Мои отец и брат, типичные либералы, по совершенно иным причинам обходятся с Иосией весьма осторожно. Во-первых, и это само собой разумеется, воззрения предка мешают им соответствием политической реальности. Кроме того, их пугает возвышенная личность. Александр представляется им стихией, молнией, вспышку которой исчерпывающе объясняет напряжение меж Европой и Азией. Существует поистине удивительное единодушие либеральной и героической историографий.


Из нашей семьи уже много поколений выходят историки. В виде исключения мы дали миру одного богослова и одного шалопая, чьи следы затерялись в неизвестности. Что касается меня, то я, как положено, получил магистерскую степень, поработал ассистентом у Виго, а сейчас, будучи его правой рукой, пишу работы – сам и в соавторстве. Кроме того, я читаю лекции и курирую докторантов.

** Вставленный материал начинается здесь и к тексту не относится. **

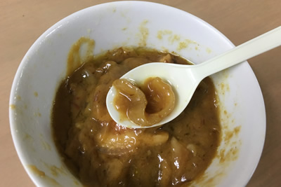 最後は中味汁。結構期待していたのですが、中身のにおいとカレーの香りが致命的に合いません。お盆でめちゃめちゃ作って余ることもある中味汁ですが、カレーにするのは厳しそうなので、また別の調理法を考えたいと思います。

Так может продолжаться еще несколько лет; я не спешу ни в профессора, ни в сенаторы, ибо меня вполне устраивает мое нынешнее положение. Если не считать редких приступов подавленности, я вполне уравновешен. А стало быть, спокойно наблюдаю, как течет время, что само по себе доставляет истинное наслаждение. Здесь угадывается таинство табака и вообще легких наркотиков.


Над своими темами я могу работать дома, в квартире, в институте Виго или же в касбе, что предпочтительнее из-за обилия превосходной документации. Живу я здесь кум королю, и меня бы не тянуло в город, если бы Кондор терпел в крепости женщин. Их не найти даже у него на кухне, прачек, с которыми можно было бы провести время, и тех стража в крепость не пропускает. Мужья оставляют свои семьи в городе. Кондор считает, что присутствие женщин – неважно, молодых или старых – благоприятствует всякого рода интриганству. А между тем обильная еда и праздная жизнь плохо вяжутся с аскезой.

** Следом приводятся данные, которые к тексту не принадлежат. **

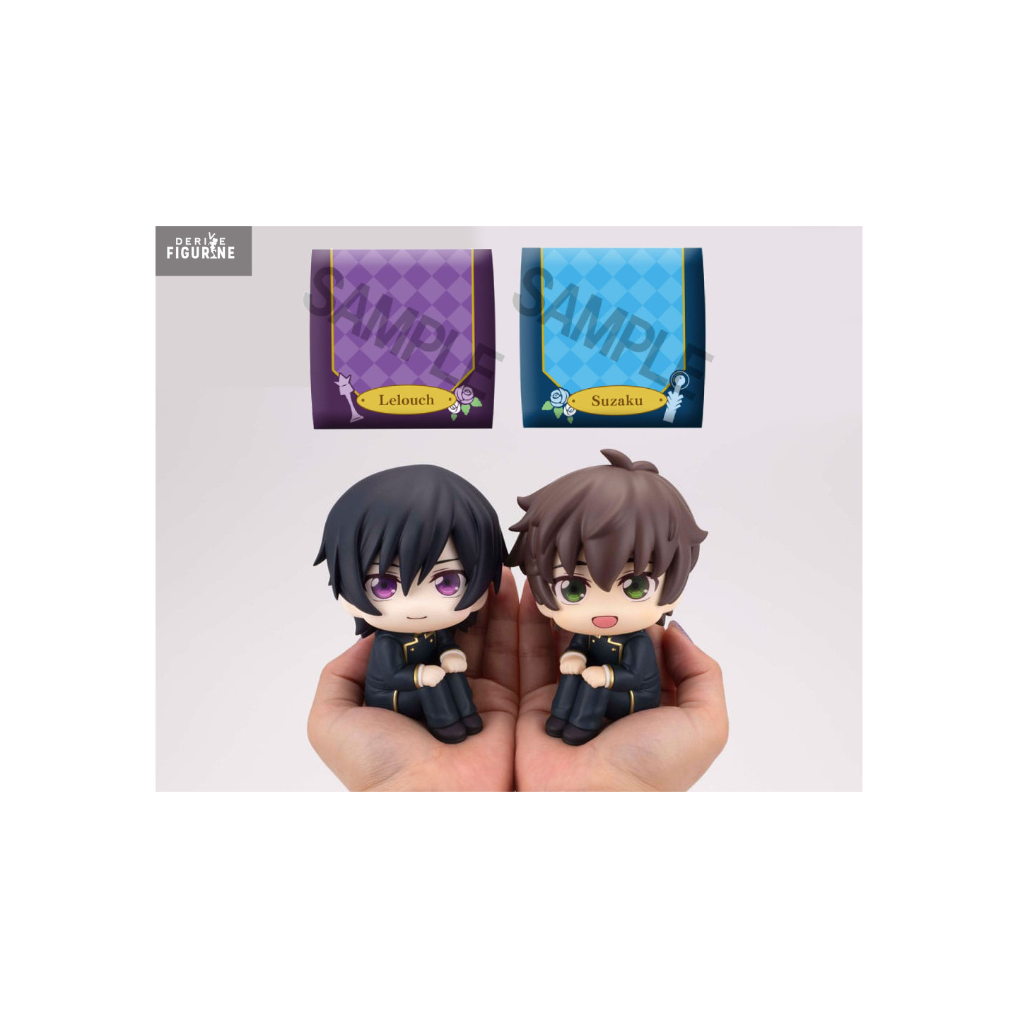 Official figures of Lelouch Lamperouge & Suzaku Kururugi, (with gift) in PVC which measure approximately 11 centimeters high. They are from the Look Up collection. The manufacturer is Megahouse.

Отцу не нравилось, что я хожу на лекции к Виго, а не на его, как мой брат. Но из застольных бесед я знаю, что может предложить старик, а кроме того, вообще считаю, что Виго как историк куда выше. Мой родитель обвиняет Виго в отсутствии научного подхода, в литературщине, а тем самым упускает из виду корень силы Виго. Какое вообще отношение имеет гений к науке?

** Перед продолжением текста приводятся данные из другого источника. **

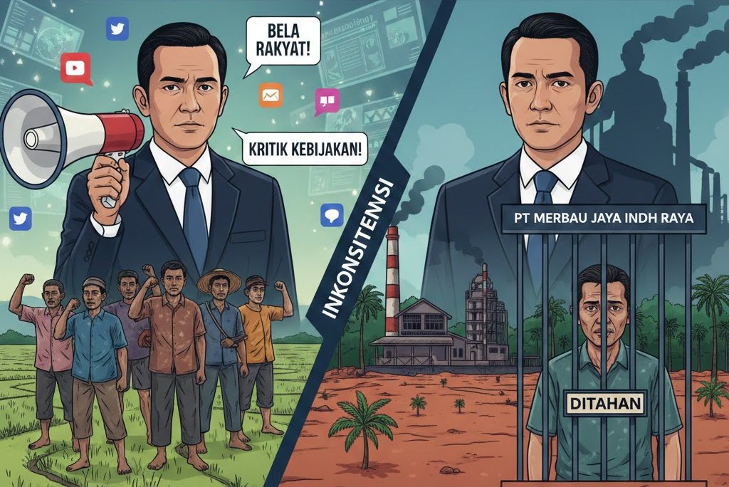 Ia menegaskan, warga yang kini tersandung perkara pidana sejatinya sedang memperjuangkan hak atas lahan sawah yang disebut telah digusur dan dialihfungsikan menjadi kebun sawit.

Не спорю, историк должен опираться на факты. Но Виго нельзя упрекнуть в небрежении ими. Мы живем на берегу тихой лагуны, и в нашем распоряжении великое множество выброшенных морем на берег предметов с затонувших кораблей. Мы лучше, чем кто-либо, знаем, что происходило прежде в самых разных уголках планеты. Этот материал известен Виго до мельчайших подробностей, прошедшее для него всегда современно; он знает факты и умеет наставлять учеников в их оценке. Я тоже многому у него научился.


Приблизив таким образом прошлое к настоящему и заново отстроив его подобно стенам городов с давно забытыми названиями, мы можем сказать, что проделана чистая работа.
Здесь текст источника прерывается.